By extending the oscillation amplitude to ±360°, the clamping test can now be carried out in a much wider range than with the previous oscillation amplitude of ±90° and thus a complete flow curve can be recorded.
Figure 7 shows the raw data of 7 ramp tests with an SBR mixture.
Shown on the left is the course of the deflection of the sample for 7 different deflection speeds. Due to the high accuracy and pulling force, the drive reaches the desired deflection speed almost instantaneously, which ultimately represents the desired shear speed.
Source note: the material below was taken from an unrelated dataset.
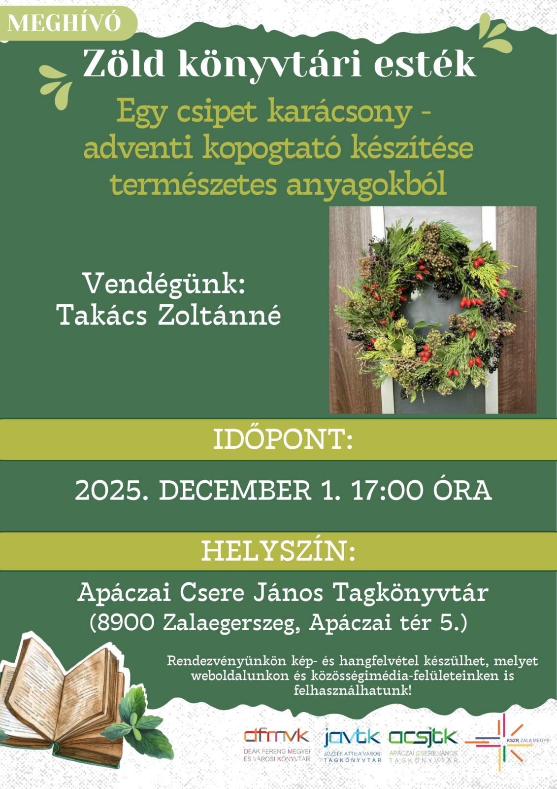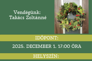 A „Zöld Könyvtári Esték” programsorozat tovább folytatódik az Apáczai Csere János Tagkönyvtárban. Ez alkalommal Takács Zoltánné lesz a vendégünk, aki adventi kopogtató készítésében segíti az érdeklődőket.

Shown on the right is the reaction moment, which settles down to the quasi-stationary level after a short time. This level results in the shear stress for the stationary shear (constant shear velocity).
From the experiments shown above, a flow curve can now be created. The flow curve of the transient (stationary) viscosity obtained in this way can now be compared with the flow curve from the dynamic test of complex viscosity. From this experiment, it can be checked to what extent the Cox-Merz rule applies.
Figure 8 shows such a comparison for the SBR mixture.
The data shows a different level and a slightly different slope of the curves. It turns out that the Cox-Merz rule does not apply to this case and that the viscosity data of the dynamic measurement cannot be used to simulate stationary flows for this material. As a result of the profiled test chamber of the RPA, it can be assumed that the data of the transient viscosity are free of wall sliding phenomena. Thus, the transient viscosity in the capillary rheometer test can help to better separate the adhesion and sliding component in the capillary flow.
The new RPA has been extended by the functionality with the FFT evaluation of the test at strain in the non-linear viscoelastic range LargeOscillatoryScanning (LAOS) and the enlargement of the oscillatory trion angle to ±360°. Using an example of a raw rubber, it is shown that the FFT evaluation of the LAOS test and the extension of the oscillation angle provides a significantly higher selectivity in the material differentiation. The oscillation angle of ±360° also opens up the possibility of determining the transient (stationary) viscosity. The stationary viscosity is used to check the Cox-Merz relationship and opens the possibility of better separating the sliding and adhesive components in the capillary rheometer test to generate better data on machine design.